(Records excerpted from a collection)
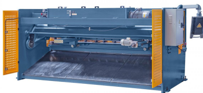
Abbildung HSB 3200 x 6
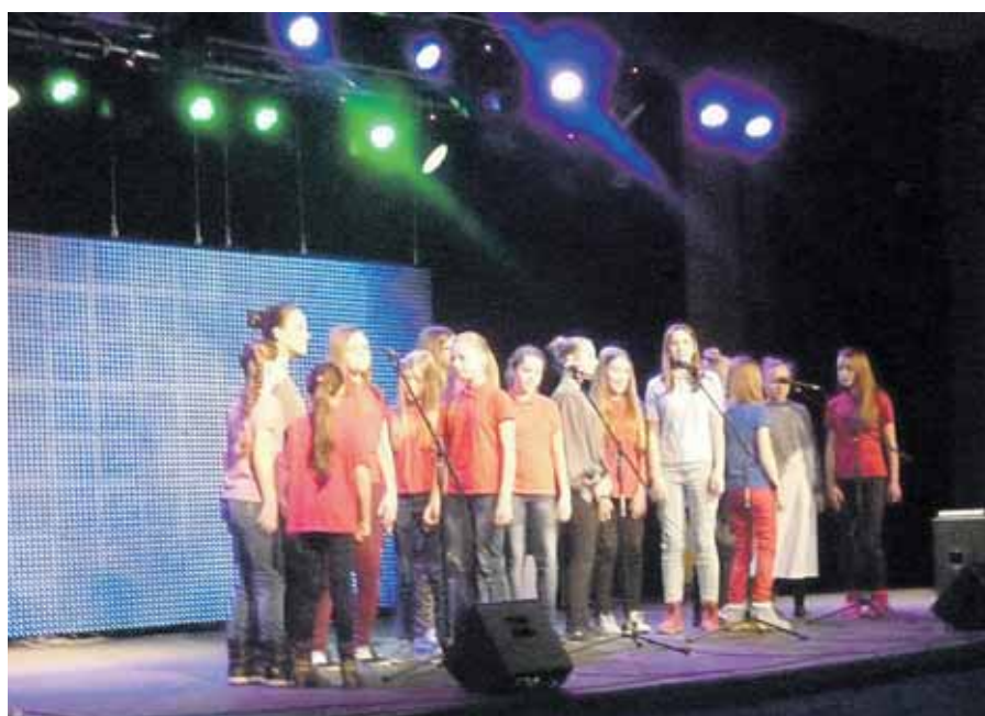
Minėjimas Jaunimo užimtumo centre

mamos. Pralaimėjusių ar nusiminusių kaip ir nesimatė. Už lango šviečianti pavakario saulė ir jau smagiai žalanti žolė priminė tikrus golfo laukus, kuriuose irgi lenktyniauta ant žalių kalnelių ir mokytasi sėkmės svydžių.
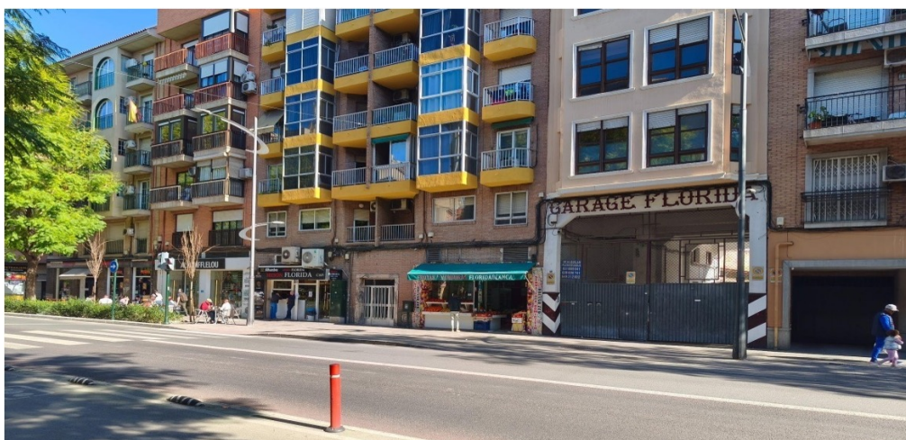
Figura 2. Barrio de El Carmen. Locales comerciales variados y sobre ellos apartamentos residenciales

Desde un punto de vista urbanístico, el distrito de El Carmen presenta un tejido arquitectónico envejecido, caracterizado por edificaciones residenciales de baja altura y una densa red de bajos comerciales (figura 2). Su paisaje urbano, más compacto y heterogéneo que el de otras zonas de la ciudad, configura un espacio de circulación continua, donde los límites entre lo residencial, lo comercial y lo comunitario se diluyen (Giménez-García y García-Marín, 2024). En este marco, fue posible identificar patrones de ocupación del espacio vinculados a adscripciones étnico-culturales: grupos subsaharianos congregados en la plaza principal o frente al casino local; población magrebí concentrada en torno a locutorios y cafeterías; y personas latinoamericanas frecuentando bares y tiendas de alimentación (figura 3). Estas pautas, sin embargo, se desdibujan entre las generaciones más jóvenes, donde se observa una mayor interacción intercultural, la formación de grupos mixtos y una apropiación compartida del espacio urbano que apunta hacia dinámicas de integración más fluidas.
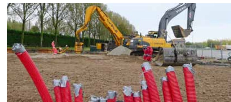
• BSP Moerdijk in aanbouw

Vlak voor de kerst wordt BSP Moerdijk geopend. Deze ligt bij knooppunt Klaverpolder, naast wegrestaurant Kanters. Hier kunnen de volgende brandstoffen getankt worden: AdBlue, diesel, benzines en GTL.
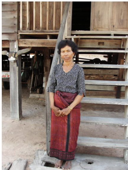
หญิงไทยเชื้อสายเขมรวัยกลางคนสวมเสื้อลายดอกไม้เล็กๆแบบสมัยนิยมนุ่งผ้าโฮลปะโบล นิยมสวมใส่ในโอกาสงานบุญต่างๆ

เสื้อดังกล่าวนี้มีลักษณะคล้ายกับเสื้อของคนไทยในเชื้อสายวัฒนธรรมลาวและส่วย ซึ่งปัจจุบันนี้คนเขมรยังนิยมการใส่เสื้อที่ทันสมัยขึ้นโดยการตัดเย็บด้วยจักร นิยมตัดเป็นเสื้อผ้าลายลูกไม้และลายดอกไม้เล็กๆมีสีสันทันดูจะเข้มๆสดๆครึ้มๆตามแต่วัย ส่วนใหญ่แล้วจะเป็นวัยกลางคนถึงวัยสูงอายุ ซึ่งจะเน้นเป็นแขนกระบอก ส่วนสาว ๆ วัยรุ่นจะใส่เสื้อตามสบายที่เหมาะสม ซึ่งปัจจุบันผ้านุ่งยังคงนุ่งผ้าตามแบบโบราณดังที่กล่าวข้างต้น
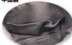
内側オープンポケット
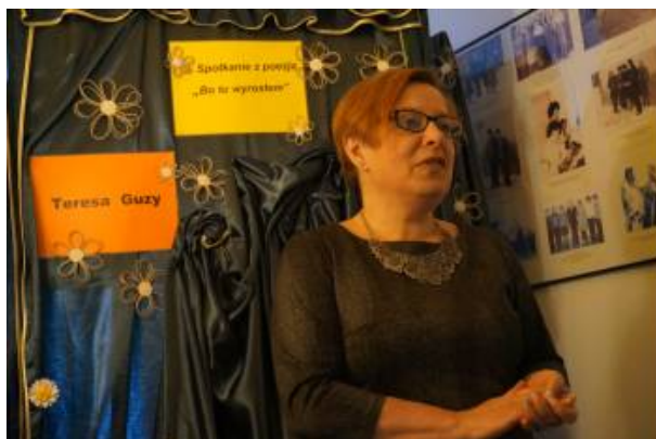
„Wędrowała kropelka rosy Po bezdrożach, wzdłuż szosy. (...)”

_Task_
Repeat the entries above exactly as written, but not their pictures.

_Result for this task_
Abbildung HSB 3200 x 6
Minėjimas Jaunimo užimtumo centre

mamos. Pralaimėjusių ar nusiminusių kaip ir nesimatė. Už lango šviečianti pavakario saulė ir jau smagiai žalanti žolė priminė tikrus golfo laukus, kuriuose irgi lenktyniauta ant žalių kalnelių ir mokytasi sėkmės svydžių.
Figura 2. Barrio de El Carmen. Locales comerciales variados y sobre ellos apartamentos residenciales

Desde un punto de vista urbanístico, el distrito de El Carmen presenta un tejido arquitectónico envejecido, caracterizado por edificaciones residenciales de baja altura y una densa red de bajos comerciales (figura 2). Su paisaje urbano, más compacto y heterogéneo que el de otras zonas de la ciudad, configura un espacio de circulación continua, donde los límites entre lo residencial, lo comercial y lo comunitario se diluyen (Giménez-García y García-Marín, 2024). En este marco, fue posible identificar patrones de ocupación del espacio vinculados a adscripciones étnico-culturales: grupos subsaharianos congregados en la plaza principal o frente al casino local; población magrebí concentrada en torno a locutorios y cafeterías; y personas latinoamericanas frecuentando bares y tiendas de alimentación (figura 3). Estas pautas, sin embargo, se desdibujan entre las generaciones más jóvenes, donde se observa una mayor interacción intercultural, la formación de grupos mixtos y una apropiación compartida del espacio urbano que apunta hacia dinámicas de integración más fluidas.
• BSP Moerdijk in aanbouw

Vlak voor de kerst wordt BSP Moerdijk geopend. Deze ligt bij knooppunt Klaverpolder, naast wegrestaurant Kanters. Hier kunnen de volgende brandstoffen getankt worden: AdBlue, diesel, benzines en GTL.
หญิงไทยเชื้อสายเขมรวัยกลางคนสวมเสื้อลายดอกไม้เล็กๆแบบสมัยนิยมนุ่งผ้าโฮลปะโบล นิยมสวมใส่ในโอกาสงานบุญต่างๆ

เสื้อดังกล่าวนี้มีลักษณะคล้ายกับเสื้อของคนไทยในเชื้อสายวัฒนธรรมลาวและส่วย ซึ่งปัจจุบันนี้คนเขมรยังนิยมการใส่เสื้อที่ทันสมัยขึ้นโดยการตัดเย็บด้วยจักร นิยมตัดเป็นเสื้อผ้าลายลูกไม้และลายดอกไม้เล็กๆมีสีสันทันดูจะเข้มๆสดๆครึ้มๆตามแต่วัย ส่วนใหญ่แล้วจะเป็นวัยกลางคนถึงวัยสูงอายุ ซึ่งจะเน้นเป็นแขนกระบอก ส่วนสาว ๆ วัยรุ่นจะใส่เสื้อตามสบายที่เหมาะสม ซึ่งปัจจุบันผ้านุ่งยังคงนุ่งผ้าตามแบบโบราณดังที่กล่าวข้างต้น
内側オープンポケット
„Wędrowała kropelka rosy Po bezdrożach, wzdłuż szosy. (...)”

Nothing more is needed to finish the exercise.